**The problem:** Would you count how many lines of the entries below include the word "dark"? Give nothing but the number.

Extracted records
== Segment start ==

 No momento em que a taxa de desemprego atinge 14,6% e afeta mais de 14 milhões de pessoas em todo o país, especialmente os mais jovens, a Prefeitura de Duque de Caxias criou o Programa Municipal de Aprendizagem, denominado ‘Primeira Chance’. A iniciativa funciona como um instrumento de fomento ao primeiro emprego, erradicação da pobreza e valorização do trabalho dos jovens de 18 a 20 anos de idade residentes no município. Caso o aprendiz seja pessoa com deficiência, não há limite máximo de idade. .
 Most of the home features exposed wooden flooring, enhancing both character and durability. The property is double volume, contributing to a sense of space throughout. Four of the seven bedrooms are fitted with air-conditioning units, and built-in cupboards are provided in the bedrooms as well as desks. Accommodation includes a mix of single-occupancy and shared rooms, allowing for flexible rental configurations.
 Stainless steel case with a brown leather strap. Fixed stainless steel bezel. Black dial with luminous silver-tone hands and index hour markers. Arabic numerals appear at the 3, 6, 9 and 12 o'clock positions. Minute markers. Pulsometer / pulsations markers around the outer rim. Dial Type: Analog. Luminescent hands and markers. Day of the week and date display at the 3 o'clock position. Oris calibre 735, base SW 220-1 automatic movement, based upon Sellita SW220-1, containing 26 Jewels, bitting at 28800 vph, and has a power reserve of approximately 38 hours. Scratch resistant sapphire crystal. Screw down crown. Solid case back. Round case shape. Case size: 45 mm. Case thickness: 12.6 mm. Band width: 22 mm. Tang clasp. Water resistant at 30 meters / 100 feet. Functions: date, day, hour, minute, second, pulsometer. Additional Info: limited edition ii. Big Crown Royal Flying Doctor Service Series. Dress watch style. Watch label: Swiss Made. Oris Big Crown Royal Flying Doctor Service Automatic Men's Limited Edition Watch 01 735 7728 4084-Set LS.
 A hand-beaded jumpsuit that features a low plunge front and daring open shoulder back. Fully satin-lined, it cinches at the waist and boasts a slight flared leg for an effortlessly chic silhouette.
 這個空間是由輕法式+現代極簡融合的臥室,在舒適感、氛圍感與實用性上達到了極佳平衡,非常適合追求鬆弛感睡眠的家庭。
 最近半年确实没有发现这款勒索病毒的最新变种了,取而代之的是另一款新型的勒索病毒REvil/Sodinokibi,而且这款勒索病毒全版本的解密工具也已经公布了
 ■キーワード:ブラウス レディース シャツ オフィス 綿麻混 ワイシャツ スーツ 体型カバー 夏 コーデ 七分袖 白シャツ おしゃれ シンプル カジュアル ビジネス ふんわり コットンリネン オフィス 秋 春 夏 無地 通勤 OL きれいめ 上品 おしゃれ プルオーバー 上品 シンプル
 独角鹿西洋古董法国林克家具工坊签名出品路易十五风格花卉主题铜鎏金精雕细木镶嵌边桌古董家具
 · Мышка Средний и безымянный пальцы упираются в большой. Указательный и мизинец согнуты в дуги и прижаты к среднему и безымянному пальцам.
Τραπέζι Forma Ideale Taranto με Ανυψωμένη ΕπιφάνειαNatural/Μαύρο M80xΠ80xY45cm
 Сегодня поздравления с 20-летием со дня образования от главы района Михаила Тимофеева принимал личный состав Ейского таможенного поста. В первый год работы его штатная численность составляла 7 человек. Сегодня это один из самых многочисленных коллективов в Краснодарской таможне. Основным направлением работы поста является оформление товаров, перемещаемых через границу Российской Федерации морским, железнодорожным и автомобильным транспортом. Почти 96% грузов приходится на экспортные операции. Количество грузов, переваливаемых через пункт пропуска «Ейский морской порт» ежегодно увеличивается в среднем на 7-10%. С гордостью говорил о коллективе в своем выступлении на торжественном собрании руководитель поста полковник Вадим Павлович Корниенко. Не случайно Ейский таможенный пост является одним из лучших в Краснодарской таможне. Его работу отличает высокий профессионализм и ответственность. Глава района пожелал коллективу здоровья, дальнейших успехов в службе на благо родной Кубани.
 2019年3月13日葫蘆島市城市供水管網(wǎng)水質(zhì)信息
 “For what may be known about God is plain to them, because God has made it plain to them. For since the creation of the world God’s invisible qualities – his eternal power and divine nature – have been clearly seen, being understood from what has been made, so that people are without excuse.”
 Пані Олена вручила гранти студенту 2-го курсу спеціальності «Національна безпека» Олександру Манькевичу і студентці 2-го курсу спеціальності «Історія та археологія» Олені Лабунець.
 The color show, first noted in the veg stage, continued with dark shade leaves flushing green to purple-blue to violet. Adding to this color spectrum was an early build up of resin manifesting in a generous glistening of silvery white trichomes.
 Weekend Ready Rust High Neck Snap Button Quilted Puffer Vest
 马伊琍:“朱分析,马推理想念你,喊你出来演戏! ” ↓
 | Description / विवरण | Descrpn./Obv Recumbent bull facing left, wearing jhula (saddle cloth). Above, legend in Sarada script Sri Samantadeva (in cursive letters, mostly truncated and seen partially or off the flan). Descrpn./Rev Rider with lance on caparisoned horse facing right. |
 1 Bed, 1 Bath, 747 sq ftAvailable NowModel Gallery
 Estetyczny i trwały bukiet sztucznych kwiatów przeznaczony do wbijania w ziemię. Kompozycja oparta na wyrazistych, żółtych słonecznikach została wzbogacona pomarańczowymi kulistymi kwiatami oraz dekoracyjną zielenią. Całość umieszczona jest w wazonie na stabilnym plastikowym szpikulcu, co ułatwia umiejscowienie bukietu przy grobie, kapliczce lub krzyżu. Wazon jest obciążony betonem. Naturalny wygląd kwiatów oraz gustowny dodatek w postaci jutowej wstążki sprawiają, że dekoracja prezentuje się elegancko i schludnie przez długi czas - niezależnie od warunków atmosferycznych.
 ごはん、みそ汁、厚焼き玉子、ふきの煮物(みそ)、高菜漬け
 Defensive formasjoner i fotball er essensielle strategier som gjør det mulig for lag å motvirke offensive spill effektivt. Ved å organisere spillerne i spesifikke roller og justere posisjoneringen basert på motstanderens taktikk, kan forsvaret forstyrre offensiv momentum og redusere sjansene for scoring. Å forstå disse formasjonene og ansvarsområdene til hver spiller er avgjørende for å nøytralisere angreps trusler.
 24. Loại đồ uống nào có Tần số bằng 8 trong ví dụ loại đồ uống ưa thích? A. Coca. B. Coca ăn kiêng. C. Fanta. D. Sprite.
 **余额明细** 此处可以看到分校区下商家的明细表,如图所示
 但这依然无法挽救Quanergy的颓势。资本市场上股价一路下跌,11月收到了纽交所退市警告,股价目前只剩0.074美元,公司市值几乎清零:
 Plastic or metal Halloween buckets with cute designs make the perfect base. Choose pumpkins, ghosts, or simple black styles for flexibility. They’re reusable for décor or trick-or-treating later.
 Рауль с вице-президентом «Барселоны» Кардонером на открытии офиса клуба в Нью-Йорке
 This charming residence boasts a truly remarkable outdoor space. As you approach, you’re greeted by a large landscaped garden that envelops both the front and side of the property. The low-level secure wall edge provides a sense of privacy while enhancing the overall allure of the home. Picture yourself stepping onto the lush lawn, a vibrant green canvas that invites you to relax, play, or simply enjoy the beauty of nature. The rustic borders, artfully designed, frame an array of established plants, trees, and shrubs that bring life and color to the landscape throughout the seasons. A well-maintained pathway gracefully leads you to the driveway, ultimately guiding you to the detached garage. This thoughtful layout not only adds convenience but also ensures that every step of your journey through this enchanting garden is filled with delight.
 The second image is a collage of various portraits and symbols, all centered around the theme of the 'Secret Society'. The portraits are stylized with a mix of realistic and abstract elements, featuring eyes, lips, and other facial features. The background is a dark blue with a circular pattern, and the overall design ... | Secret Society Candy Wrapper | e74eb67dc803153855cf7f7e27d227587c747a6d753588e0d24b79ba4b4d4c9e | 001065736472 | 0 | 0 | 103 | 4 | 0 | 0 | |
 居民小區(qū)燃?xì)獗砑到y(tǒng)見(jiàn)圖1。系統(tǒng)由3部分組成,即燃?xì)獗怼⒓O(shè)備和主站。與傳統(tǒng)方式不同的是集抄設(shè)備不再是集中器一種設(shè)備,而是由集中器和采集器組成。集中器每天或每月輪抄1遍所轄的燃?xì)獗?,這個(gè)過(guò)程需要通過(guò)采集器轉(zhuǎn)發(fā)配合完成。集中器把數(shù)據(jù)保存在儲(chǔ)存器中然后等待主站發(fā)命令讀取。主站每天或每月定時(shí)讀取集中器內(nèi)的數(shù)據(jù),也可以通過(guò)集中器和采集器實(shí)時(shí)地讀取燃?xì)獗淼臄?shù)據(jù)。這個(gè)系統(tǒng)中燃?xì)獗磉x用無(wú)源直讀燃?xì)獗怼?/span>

== Segment end ==

**Answer space:** 2